* [Assignment]:
In the listing below, start your output at the line with "Heat the remaining" and end it after the line with "1917 Magyar Szent", copying every line exactly.

* [Supplied records]:
● ● ● ●
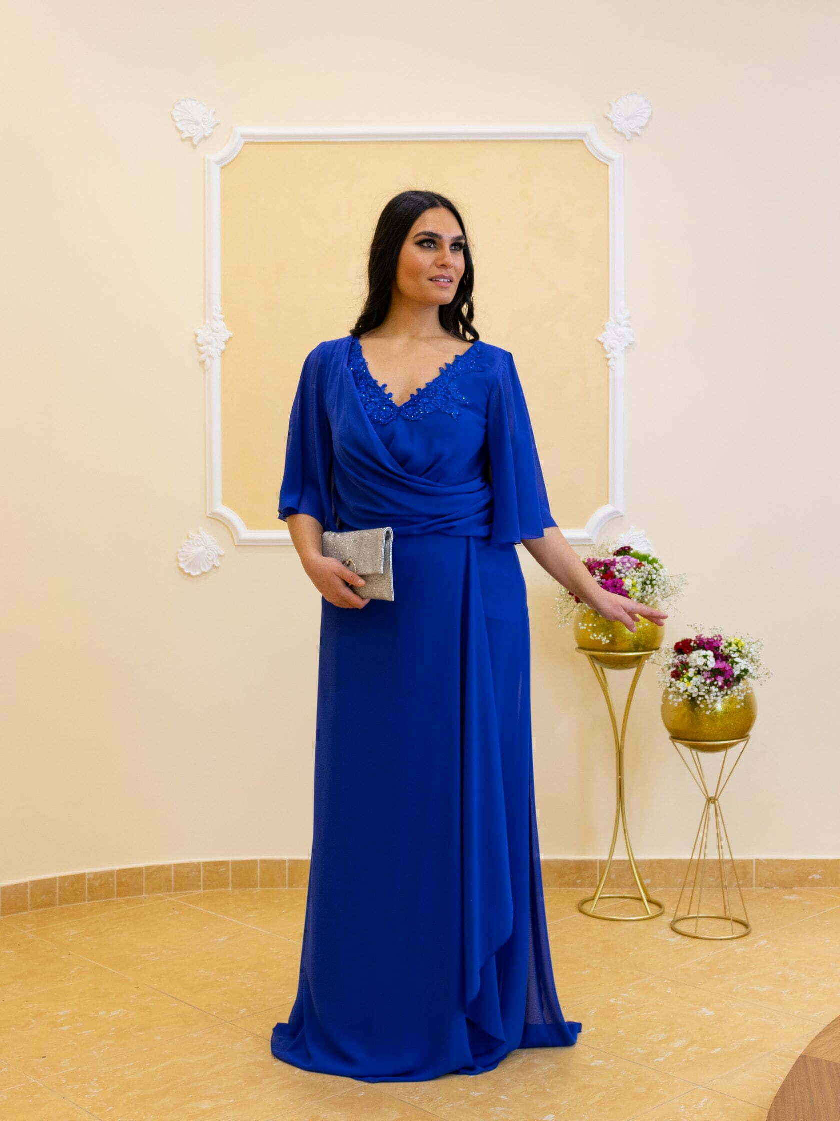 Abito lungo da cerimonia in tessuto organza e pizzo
● ● ● ●
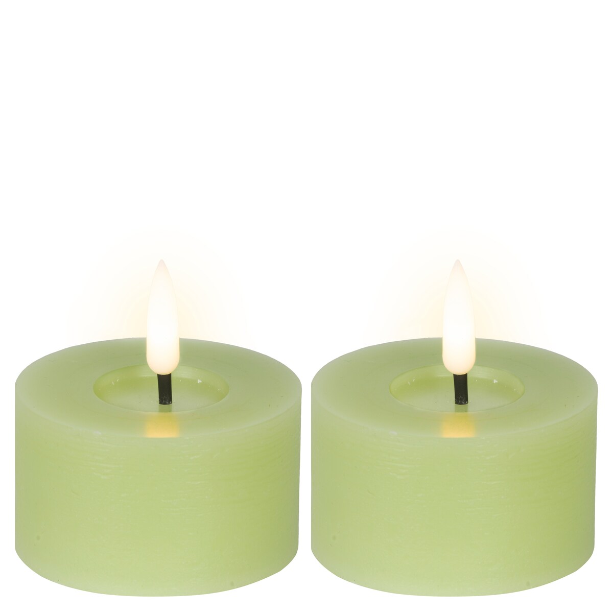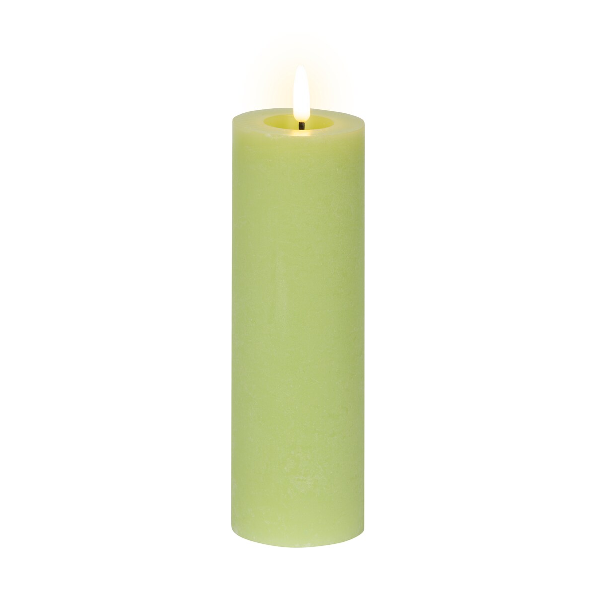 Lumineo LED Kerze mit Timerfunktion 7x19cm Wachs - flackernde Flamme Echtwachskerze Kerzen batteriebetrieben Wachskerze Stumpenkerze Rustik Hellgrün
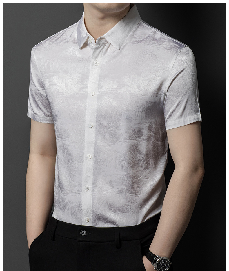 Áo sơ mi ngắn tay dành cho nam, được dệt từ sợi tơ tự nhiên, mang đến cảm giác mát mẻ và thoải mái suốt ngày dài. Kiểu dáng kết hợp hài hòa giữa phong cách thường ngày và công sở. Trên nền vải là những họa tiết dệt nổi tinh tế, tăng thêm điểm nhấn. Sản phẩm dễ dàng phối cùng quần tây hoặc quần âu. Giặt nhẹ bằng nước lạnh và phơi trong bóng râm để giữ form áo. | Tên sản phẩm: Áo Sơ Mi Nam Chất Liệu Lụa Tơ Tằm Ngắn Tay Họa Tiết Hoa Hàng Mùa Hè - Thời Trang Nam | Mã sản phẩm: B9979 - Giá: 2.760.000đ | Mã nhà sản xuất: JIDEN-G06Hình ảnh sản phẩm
● ● ● ●
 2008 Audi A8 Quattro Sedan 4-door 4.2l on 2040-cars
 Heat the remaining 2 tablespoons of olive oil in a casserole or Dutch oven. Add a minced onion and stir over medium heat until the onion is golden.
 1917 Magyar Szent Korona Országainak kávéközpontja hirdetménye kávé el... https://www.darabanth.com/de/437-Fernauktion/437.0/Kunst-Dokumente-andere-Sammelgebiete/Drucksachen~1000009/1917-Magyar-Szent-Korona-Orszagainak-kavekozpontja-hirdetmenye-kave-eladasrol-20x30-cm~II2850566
● ● ● ●
* [Task output]:
 Heat the remaining 2 tablespoons of olive oil in a casserole or Dutch oven. Add a minced onion and stir over medium heat until the onion is golden.
 1917 Magyar Szent Korona Országainak kávéközpontja hirdetménye kávé el... https://www.darabanth.com/de/437-Fernauktion/437.0/Kunst-Dokumente-andere-Sammelgebiete/Drucksachen~1000009/1917-Magyar-Szent-Korona-Orszagainak-kavekozpontja-hirdetmenye-kave-eladasrol-20x30-cm~II2850566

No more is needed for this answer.